Book Canonical Correlation Analysis in Speech Enhancement

Download or read book Canonical Correlation Analysis in Speech Enhancement written by Jacob Benesty and published by Springer. This book was released on 2017-08-31 with total page 124 pages. Available in PDF, EPUB and Kindle. Book excerpt: This book focuses on the application of canonical correlation analysis (CCA) to speech enhancement using the filtering approach. The authors explain how to derive different classes of time-domain and time-frequency-domain noise reduction filters, which are optimal from the CCA perspective for both single-channel and multichannel speech enhancement. Enhancement of noisy speech has been a challenging problem for many researchers over the past few decades and remains an active research area.

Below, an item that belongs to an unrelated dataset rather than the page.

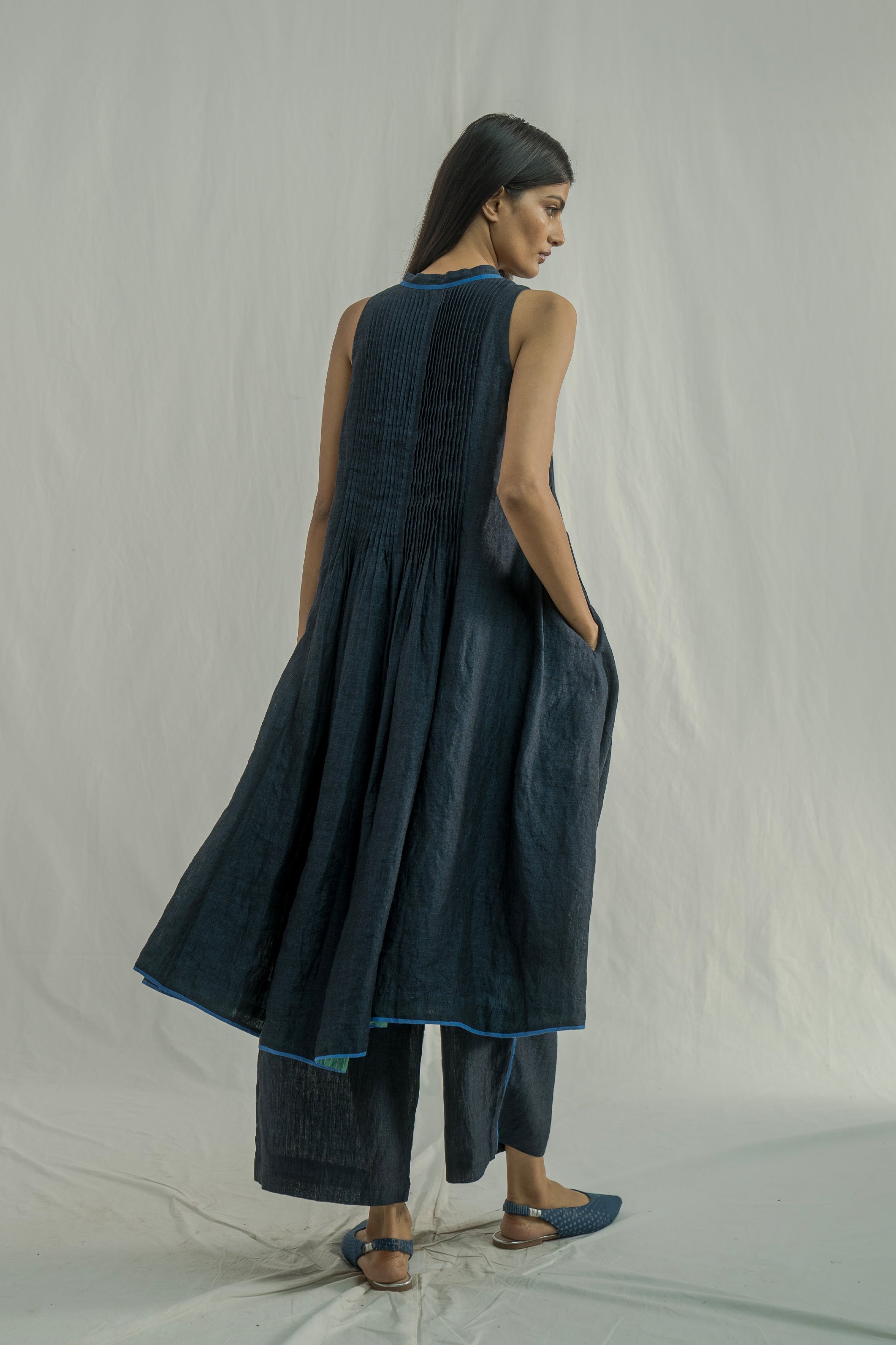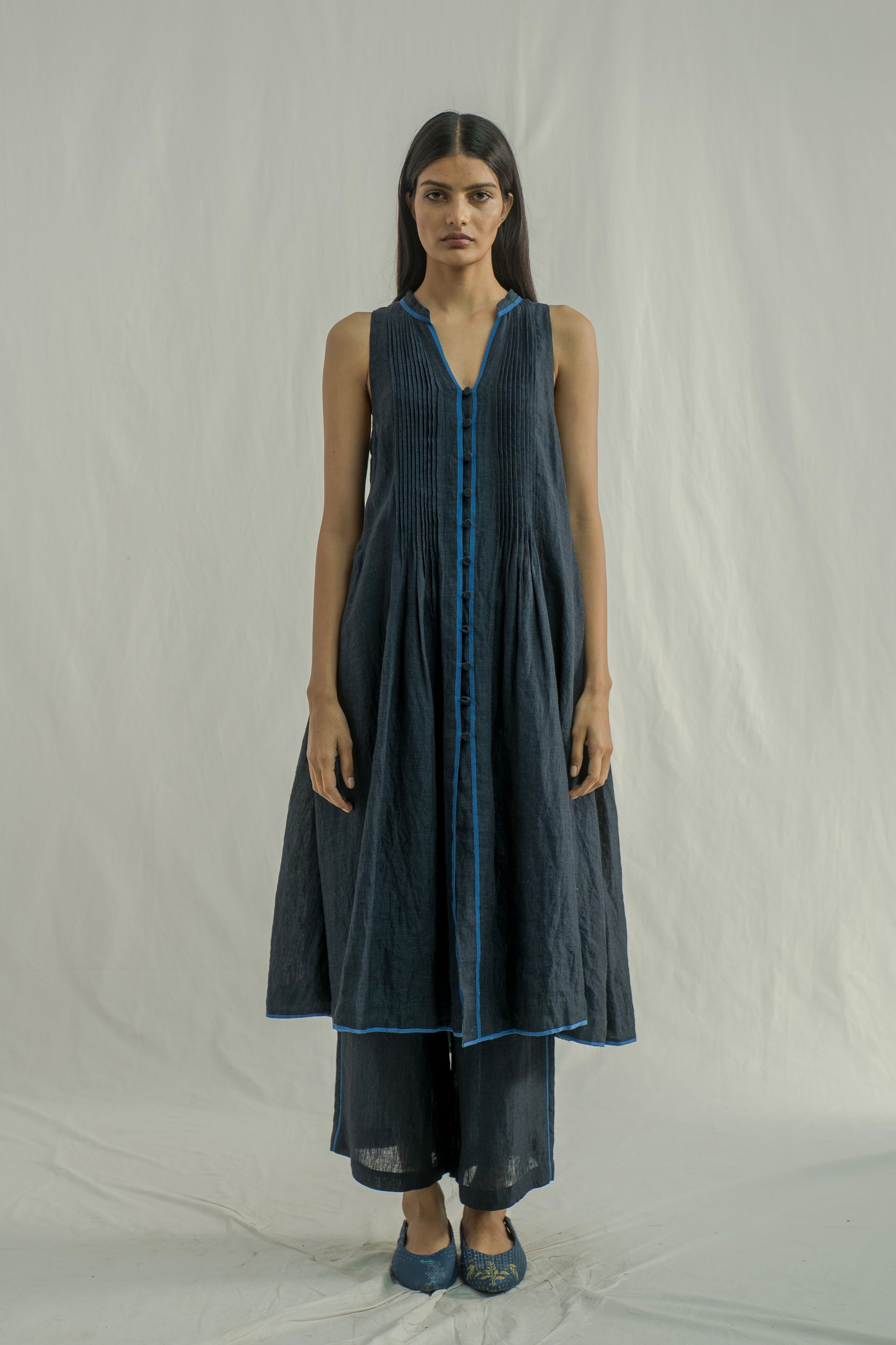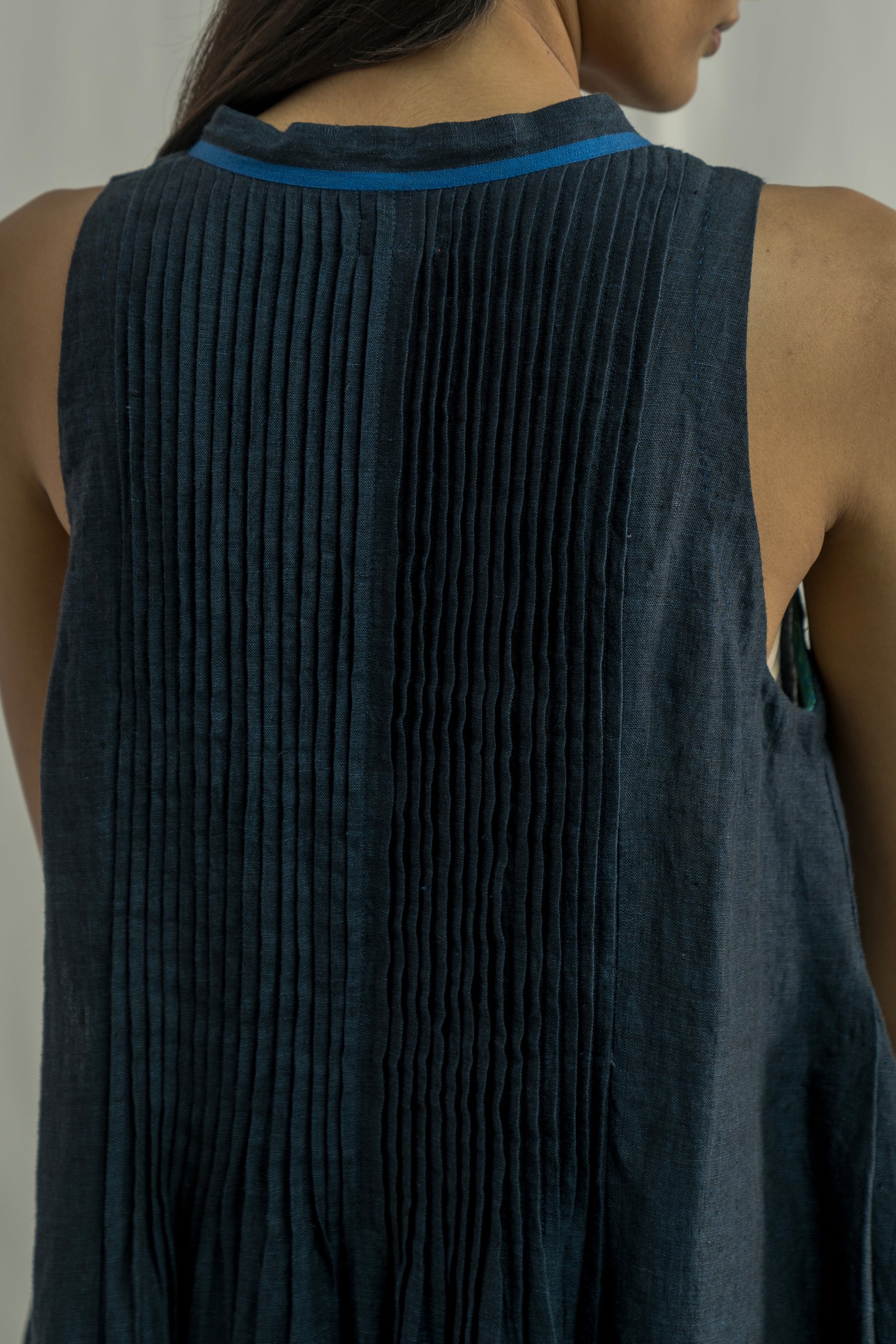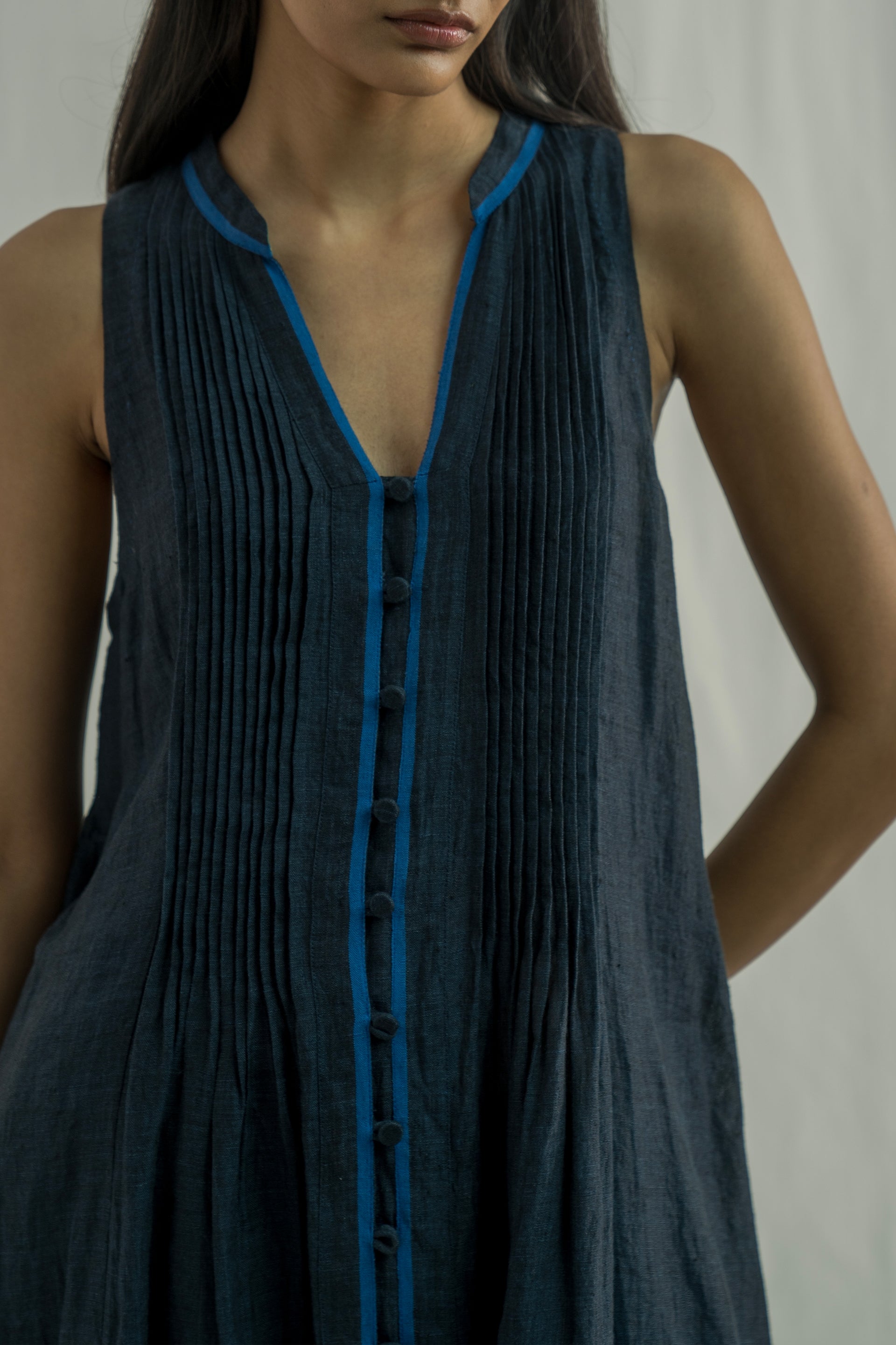 A sleeveless midi dress with a front-button down and collar, featuring pintuck detailing on the bodice and contrast selvedge accents on the placket and hem. Crafted from solid 100% linen.

Typically, speech enhancement algorithms operate in the short-time Fourier transform (STFT) domain, where the clean speech spectral coefficients are estimated using a multiplicative gain function. A filtering approach, which can be performed in the time domain or in the subband domain, obtains an estimate of the clean speech sample at every time instant or time-frequency bin by applying a filtering vector to the noisy speech vector. Compared to the multiplicative gain approach, the filtering approach more naturally takes into account the correlation of the speech signal in adjacent time frames. In this study, the authors pursue the filtering approach and show how to apply CCA to the speech enhancement problem. They also address the problem of adaptive beamforming from the CCA perspective, and show that the well-known Wiener and minimum variance distortionless response (MVDR) beamformers are particular cases of a general class of CCA-based adaptive beamformers.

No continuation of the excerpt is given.